Государственная Третьяковская Галерея выступила с креативным проектом – "Отвергнутые шедевры", где нам предстоит удивляться на каждом шагу. Это не обычный формат, но так называемая выставка-маршрут, где все произведения остаются на своих местах, а зритель должен сыскать «отвергнутый шедевр» - он помечен специальной табличкой. Надо ли сетовать, что устроители поленились, не захотев собрать все картины в отдельном пространстве? Была у меня такая идея. Но это не так уж плохо – мы получили возможность ещё раз пройтись по залам Третьяковки, а поиски «отверженных» напомнили забавный квест. Рядом с другими картинами возникают дополнительные вопросы и растёт недоумение, граничащее с культурологическим шоком. Нужно знать психологию людей позапрошлого столетия - как простых, так и чересчур образованных; считывать знаки, ловить намёки.

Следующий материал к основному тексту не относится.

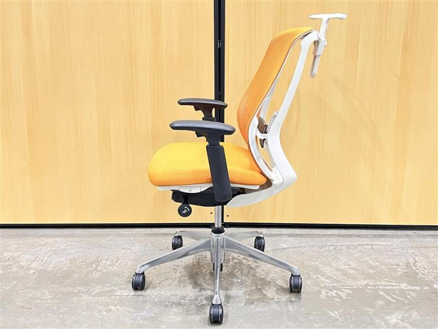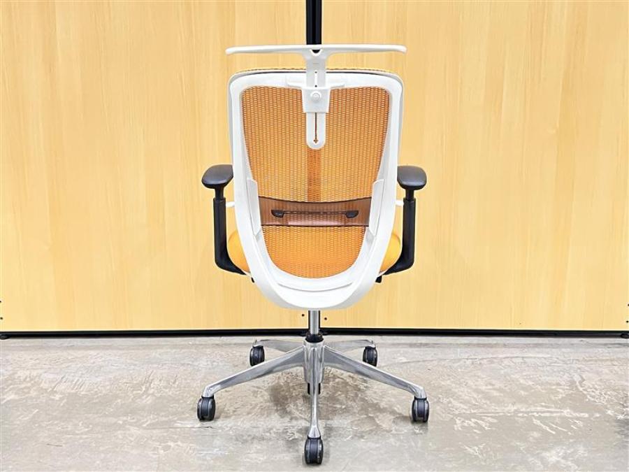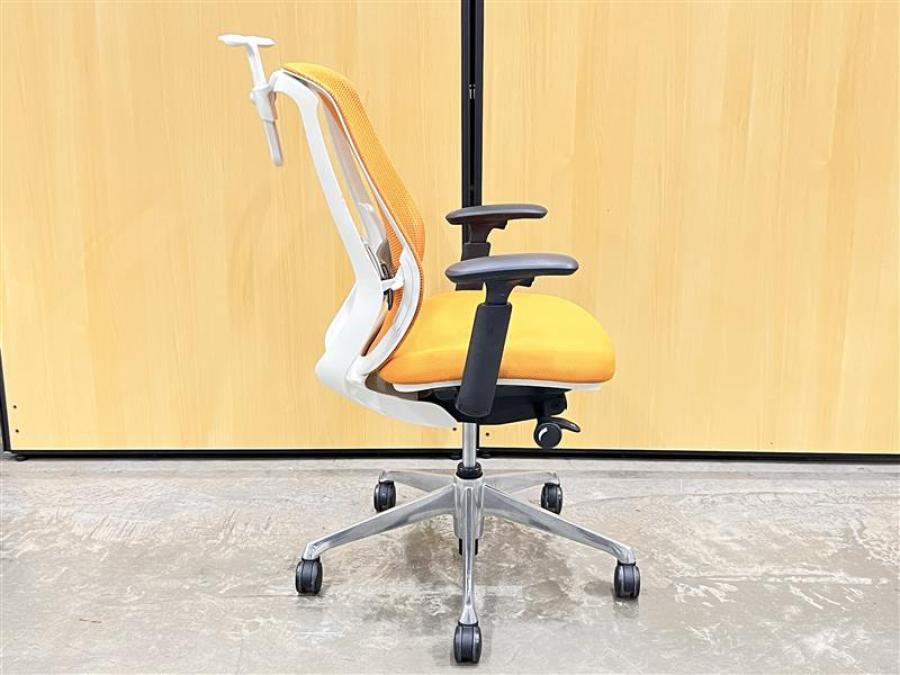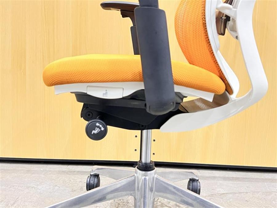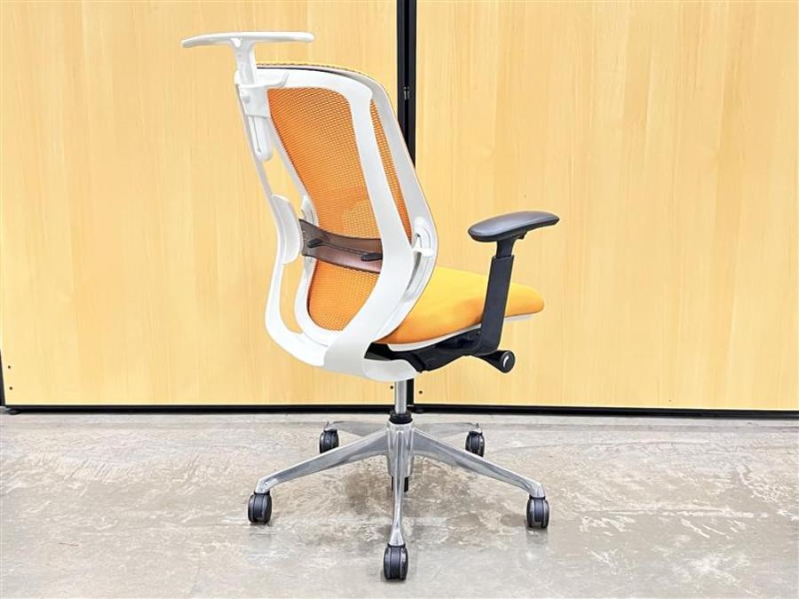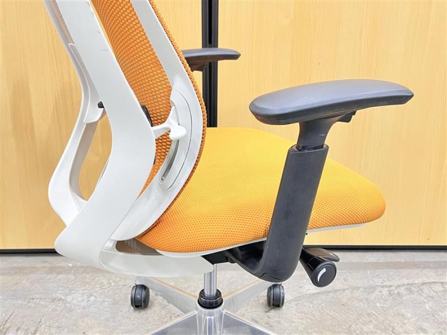 【在庫入替セール品!】【背のカーブを変えられる新感覚のオフィスシーティング!】■オカムラ シルフィーチェア 可動肘付 オレンジ ハンガー付 ホワイトフレーム ■新感覚のオフィスシーティング!【Okamrua Sylphy】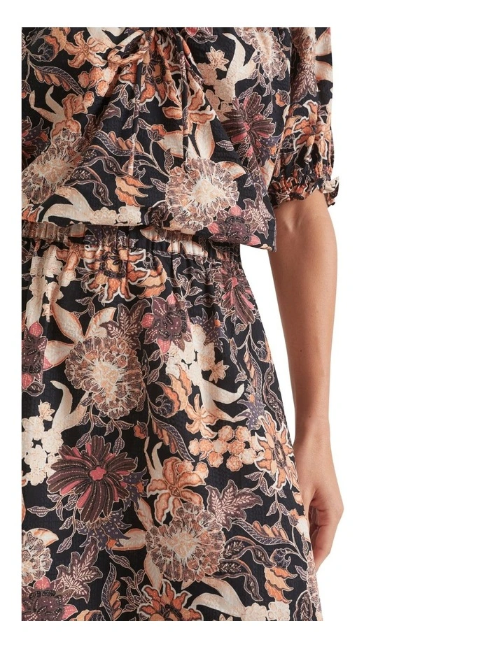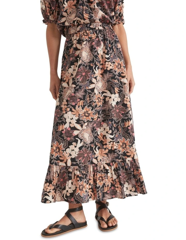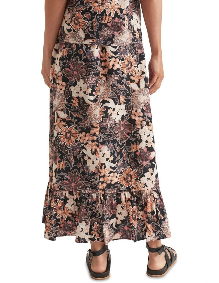This floral skirt falls to a midi length in an elevated, draped shape. The hem finishes with a ruffle.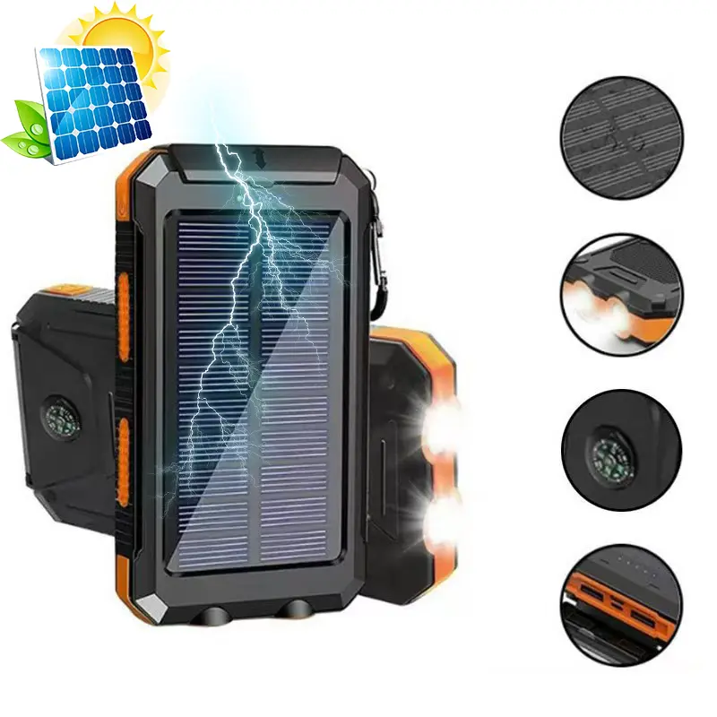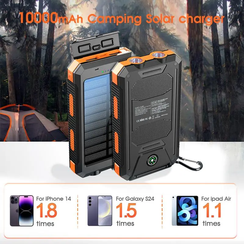 Solar Charger Power Bank 10000mAh Solar Phone Charger, Portable Charger Fast Charger Dual USB Ports Built-in LED Flashlight and Compass, IP65 Waterproof Portable Power Bank for Outdoor Activities-IP65 Waterproof Outdoor Phone Charger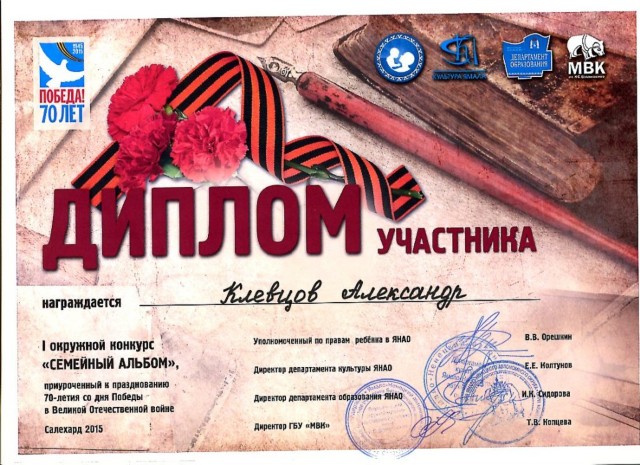 Диплом 2 степени в районном творческом конкурсе "Этих дней не смолкнет слава", Оксанен В., 9 кл., рук. Оксанен К.П., 2016 |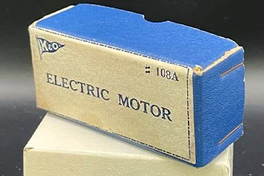 This motor has a larger box than the “smaller box” No.108 due to internal cardboard padding.

Вот – "Неизвестная" Ивана Крамского, которую мы в детстве почему-то связывали с блоковской "Незнакомкой", хотя, между ними – более двадцати лет и целая эпоха. В советских публикациях об этой женщине говорилось нежно и трепетно, как о «русской Джоконде» и «таинственно-волшебном образе», несущем свет через века. "Неизвестную" помещали на развороты журналов – особенно тех, что были адресованы женщинам. Кто бы из нас мог подумать, что эта надменная брюнетка, скорее всего, дорогостоящая «камелия», как именовали куртизанок, с лёгкой руки Дюма-сына? Об этом вопиет любая деталь – например, двухместное ландо, где занято лишь одно сиденье. И этот призывный взгляд, бросаемый на созерцателя. Тогдашний обыватель знал доподлинно, что и как в мире чистогана, где господа из пьесы Александра Островского считали бесприданницу хорошенькой вещью.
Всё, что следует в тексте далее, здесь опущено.